- _Problem to work on_
All of the lines below need to be copied exactly, apart from the pictures.

- _Given information_
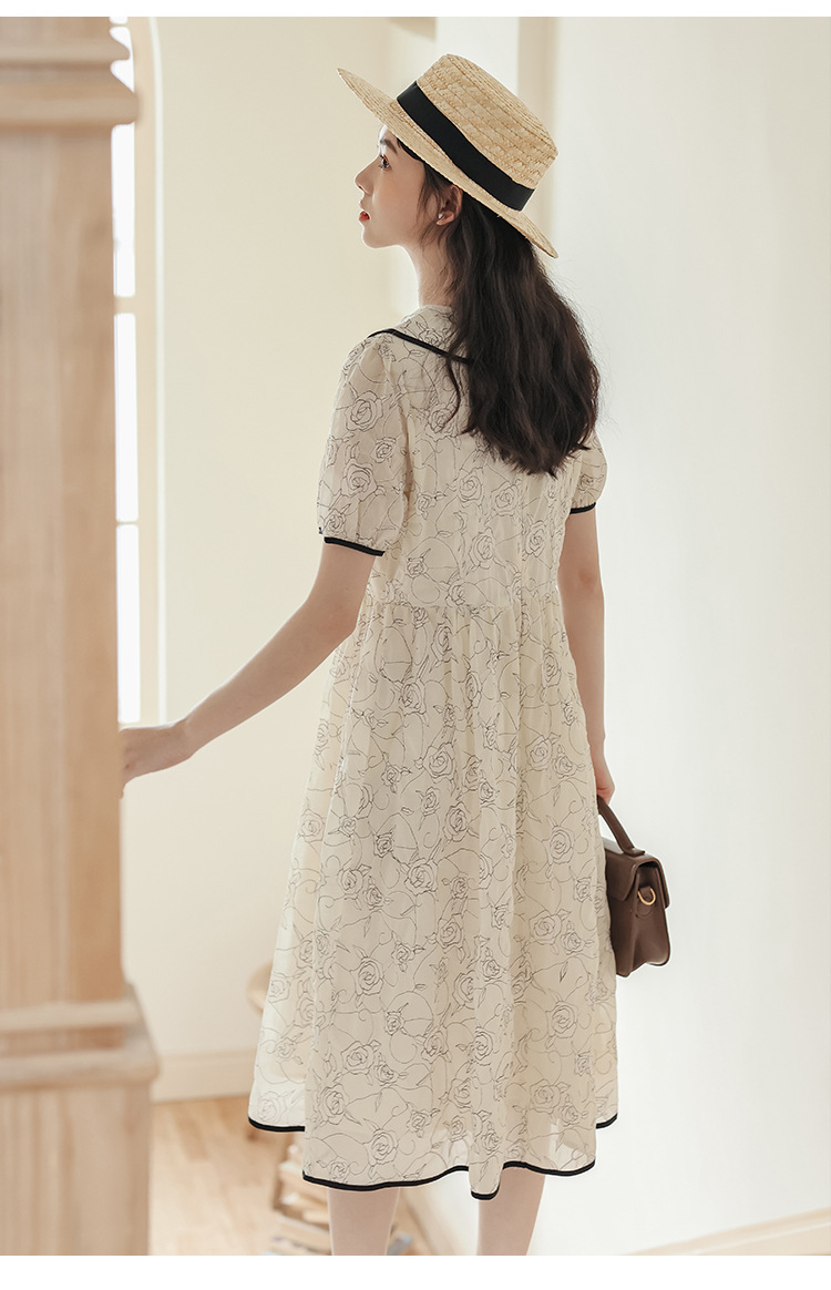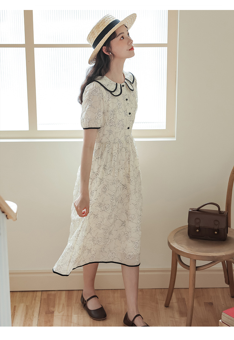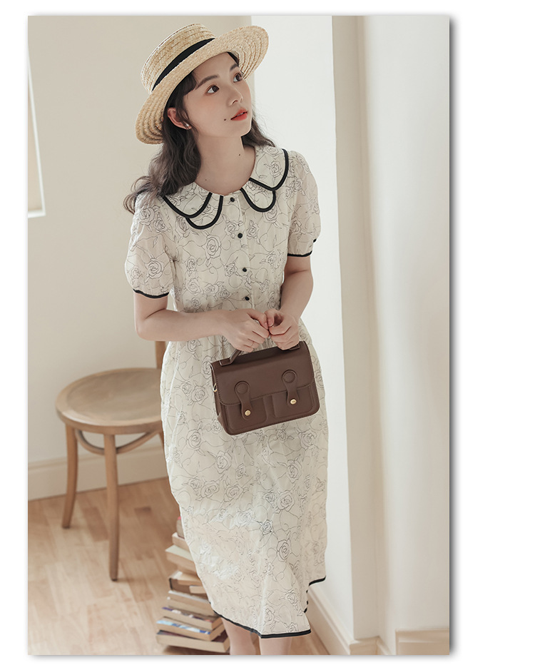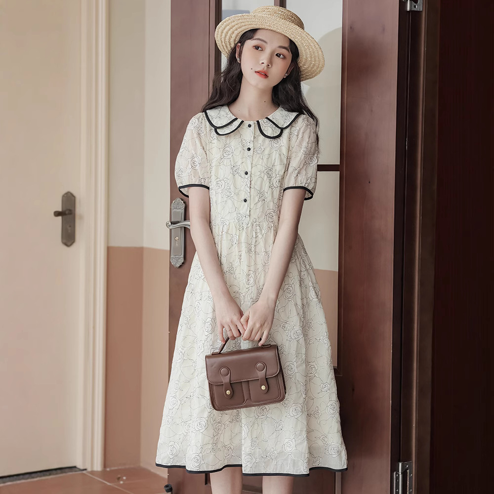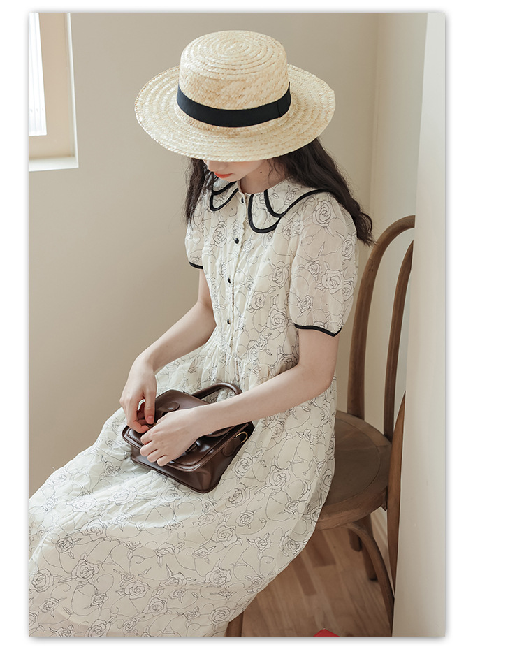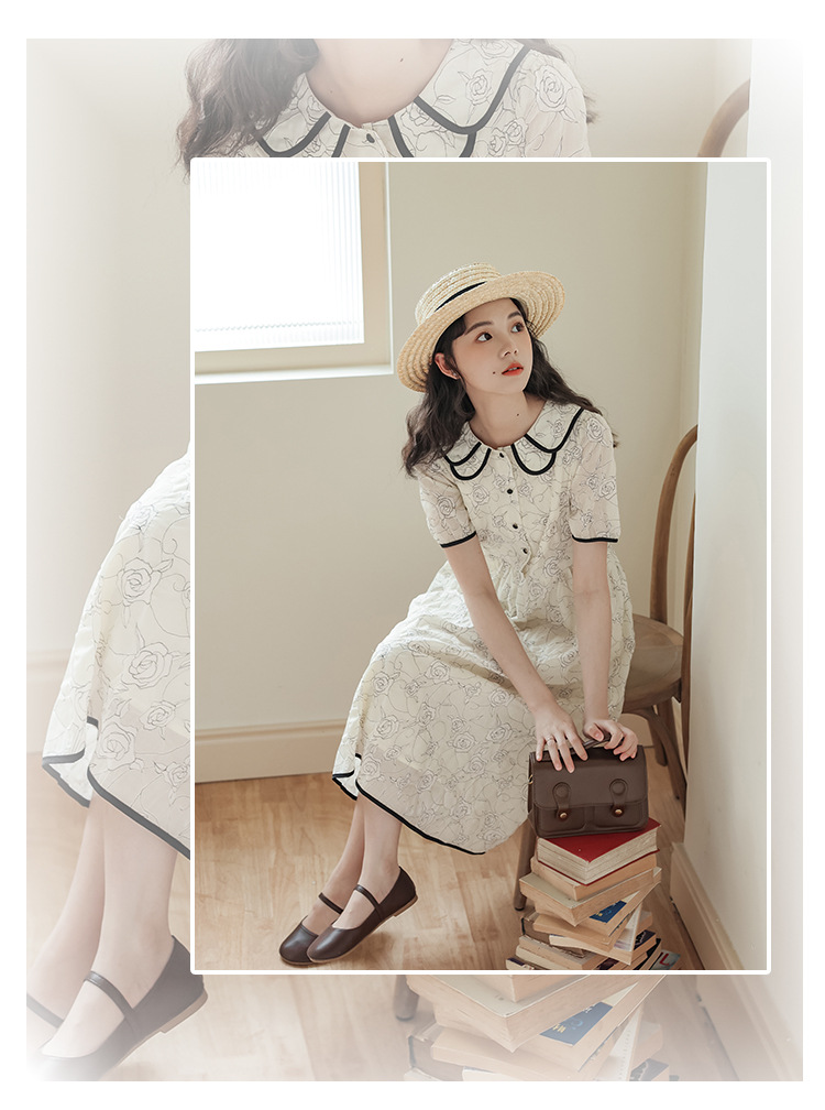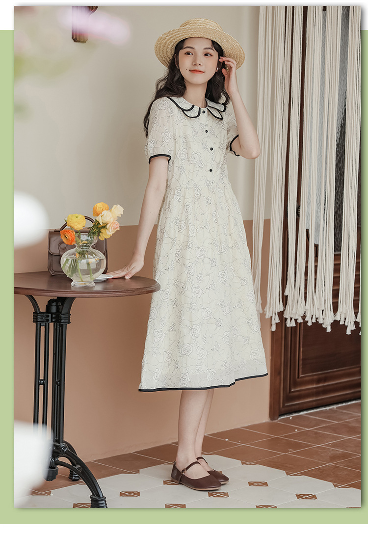 더블 레이어 꽃잎 칼라 로즈 프린트 반팔 원피스 여성 2025 년 여름 프랑스 하이 허리 하이 엔드 미디 원피스
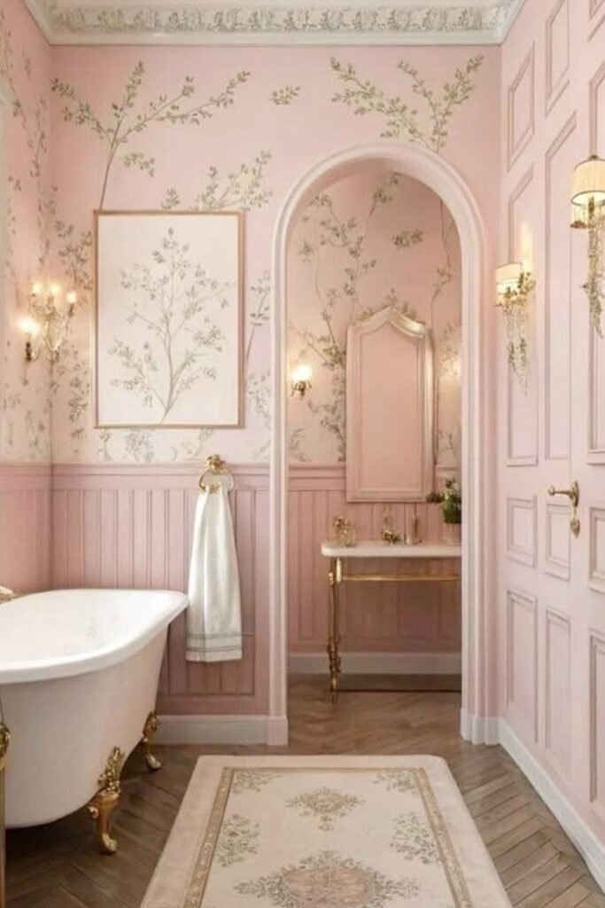 To recreate it, you should start with soft blush tones, add paneling for structure, and then you can bring in brass fixtures and classic shapes so the room feels elegant rather than themed.
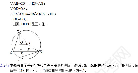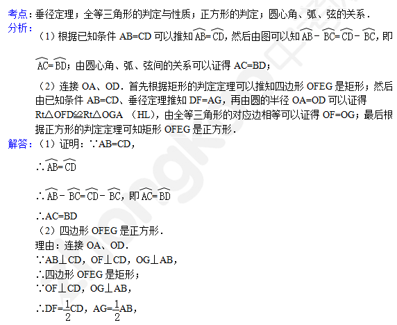 中考数学天天练试题及解析:弧、弦、圆心角(2月15日)(2)

- _Output of the exercise_
 더블 레이어 꽃잎 칼라 로즈 프린트 반팔 원피스 여성 2025 년 여름 프랑스 하이 허리 하이 엔드 미디 원피스
 To recreate it, you should start with soft blush tones, add paneling for structure, and then you can bring in brass fixtures and classic shapes so the room feels elegant rather than themed.
 中考数学天天练试题及解析:弧、弦、圆心角(2月15日)(2)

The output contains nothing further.